2014-01-03

When it comes to choosing new vendors and suppliers, the old method was to get in contact with the company and ask around their local neighbourhood and with their customers to see how trustworthy the vendor is (they'd rely on their reputation to sell their product).
Unfortunately, when it comes to firewalls (IDS/IPS, Load Balancers, Endpoint Protection, et al.), unless you have in-house engineers that can build and deploy what you need within your organization (ie. FIPS-level VPN tunelling to an IaaS compute setup), you're going to need to outsource the work to a contractor who knows the products and can deploy it for you.
These days, you can't directly approach a vendor to request a deployment of a load balancer worth tens of thousands of dollars; you need to temporarily hire that expertise from another company, en masse, and set up contracts to ensure a good deployment and handover process.

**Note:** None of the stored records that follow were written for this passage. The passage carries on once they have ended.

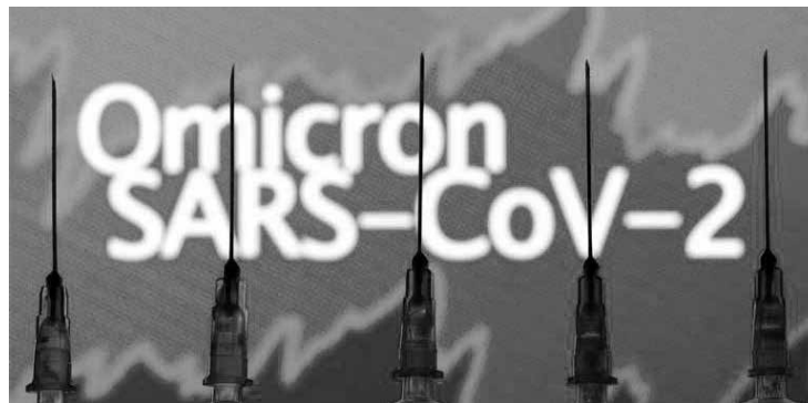
Dados preliminares mostram que a nova variante é menos perigosa que a Delta
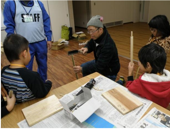
ナタを使って慎重に割ります
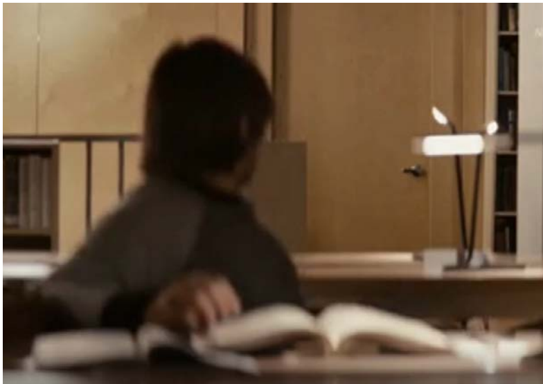
The Magicians, Verbotene Magie, Reg.: M. Cahill, USA 2015
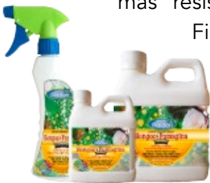
Hongos & Fumagina

Finalmente por su origen vegetal, no son tóxicos para las plantas ni para los seres humanos, contribuyendo eficientemente al cuidado y mantención del medio ambiente.
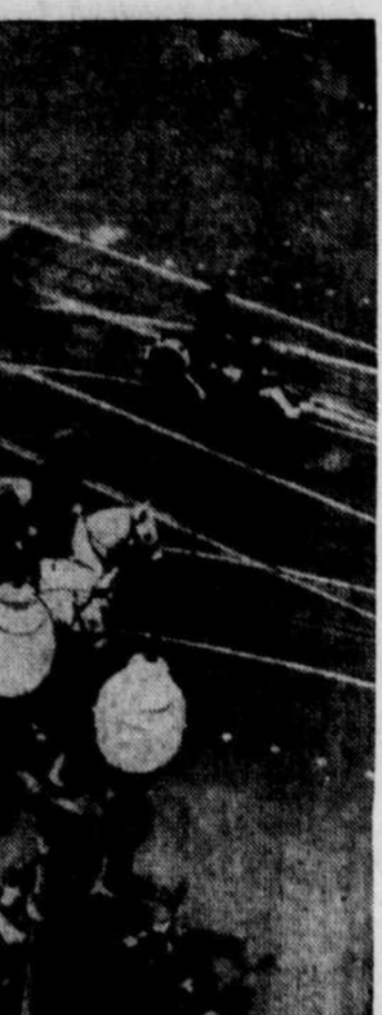
Violent raid sur Tokio

Des troupes du 1 er corps ont occupé une autre petite île, Cagarray, au large de la côte sud-est de Luzon, et ont consolidé ainsi les positions américaines à l'entrée de l'important port de Legaspi.
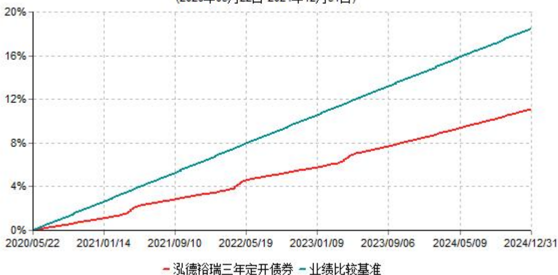
泓德裕瑞三年定开债券累计净值增长率与业绩比较基准收益率历史走势对比图 (2020年05月22日-2024年12月31日)

注：根据基金合同的约定，本基金建仓期为6个月，截至报告期末，本基金的各项投资比例符合基金合同关于投资范围及投资限制规定。
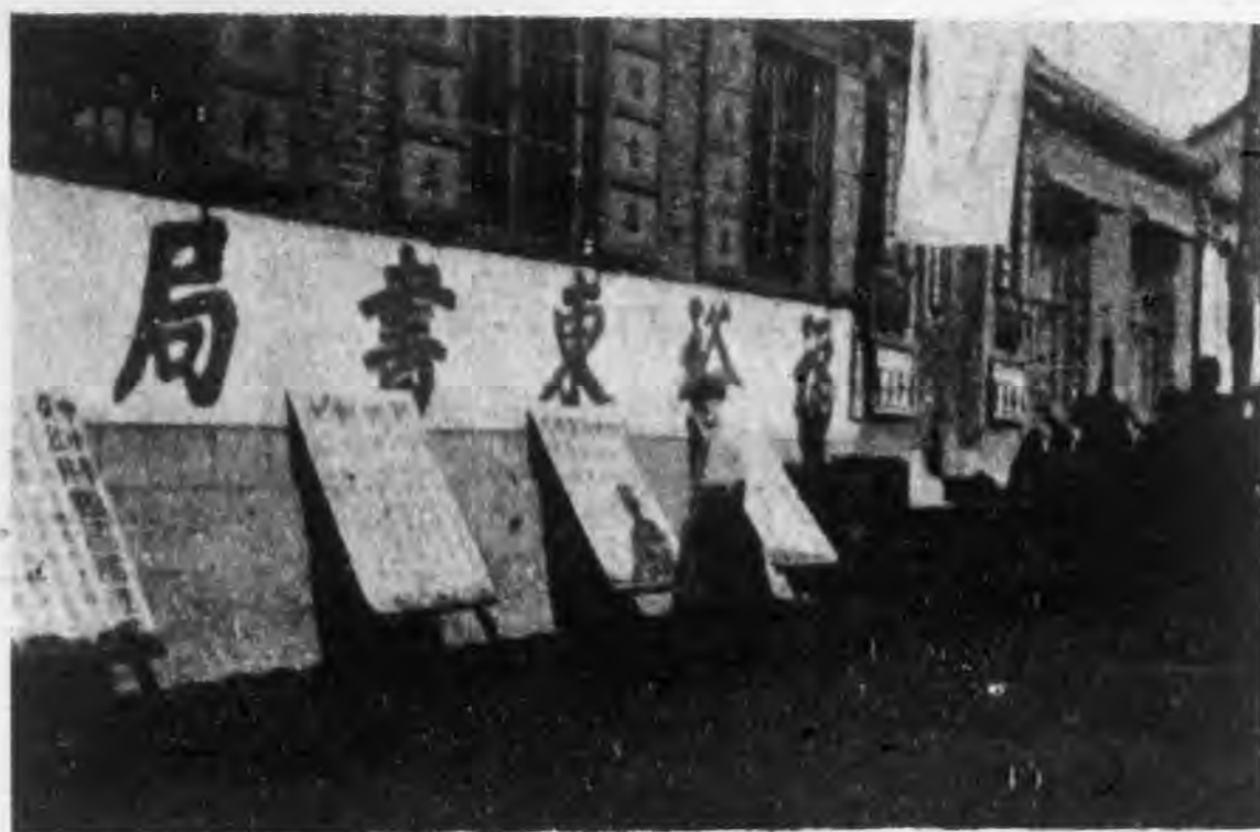
煙台福裕東書局面
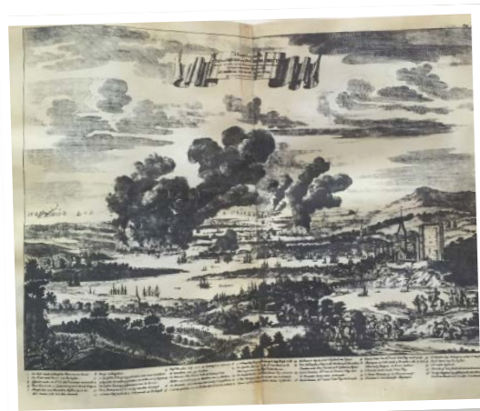
linksonder: Ets uit de biografie door Gerard Brandt met de Medway in vlammen
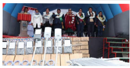
Vecinos de 22 zonas recibieron un lote de 1.277 luminarias LED.
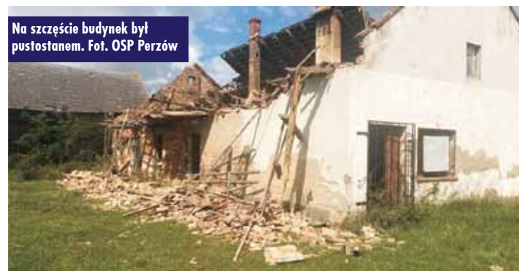
Na szczęście budynek był pustostanem.
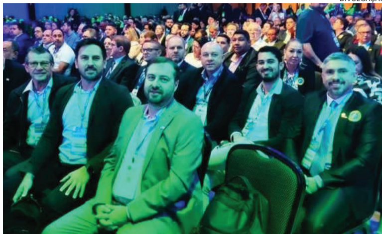
Prefeitos da região Fronteira Noroeste participaram da marcha em Brasília

Ao Semanal, Sehnem explicou que a marcha discute pautas que impactam diretamente na vida dos municípios, como reforma tributária e legislações que interferem especialmente nas finanças municipais. “Uma das pautas é a PEC 66, que está em tramitação, referente à questão do RPPS (Regime Próprio de Previdência Social), onde a legislação federal abrange-
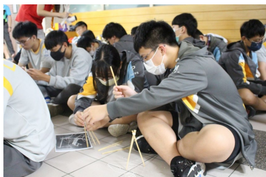
課程或活動/會議名稱：工程實作 日期/地點：113/4/26 雨備地點
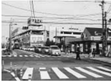
北上尾駅東口中山道交差点

当該個所は交通量が多く、交通渋滞が激しく、また北上尾駅の直近に位置し、駅への歩行者が年々増加している状況を見ると、安全で安心して歩ける歩道整備は最重要かつ緊急性があり、今後早期に県が事業に着手するようなお一層の働きかけをしていきたい。
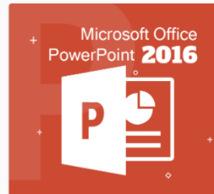
Microsoft Office PowerPoi... DS07
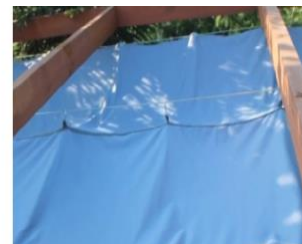
Rysunek 1c. Góra żagla rozsuwanego na 3 linkach
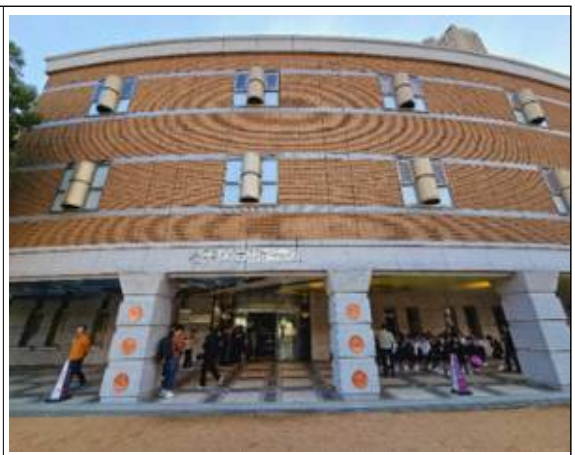
데즈카오사무 박물관 외관 및 방문 사진
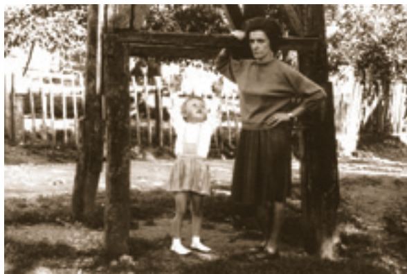
Zvonik i autorica teksta s majkom

Zvonar je morao i održavati zvonik i povremeno ga okrećiti zaštitnom bojom. S posebnom pažnjom skrbio je i o zvonu. On
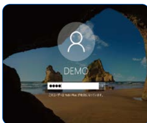
Windowsログインパスワードを入力
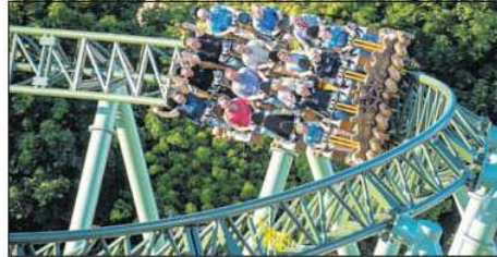
Action für die ganze Familie: Ab heute ist der Hansa-Park in Sierksdorf wieder geöffnet. Highlight ist die Achterbahn „Der Schwur des Käran“. Auch die kleinsten Gäste dürfen sich bald auf ihre erste Achterbahn „Der kleine Zar“ freuen. Am Sonnabend und Sonntag können alle Kinder bis 14 Jahre am Ostereier-Wettbewerb teilnehmen. Jedes Kind, das bis 12 Uhr sein selbstbemaltes Ei abgibt, erhält eine Überraschung.

Hiring an independent contractor for six months to engage the procurement and deployment of a system would only work if they have extensive Service Design experience in that product, and those types of people are either ridiculously expensive to hire, or already working for a consultancy firm.

My question is: How do you audit the skills and trustworthiness of an Information Security consultancy firm without having previously dealt with said company? Because this is such a new industry, it's hard to find companies that have been "in the business" long enough to be trusted up-front.
What metrics can you use to determine the maturity of a consultancy firm and the viability of a long-term relationship with them?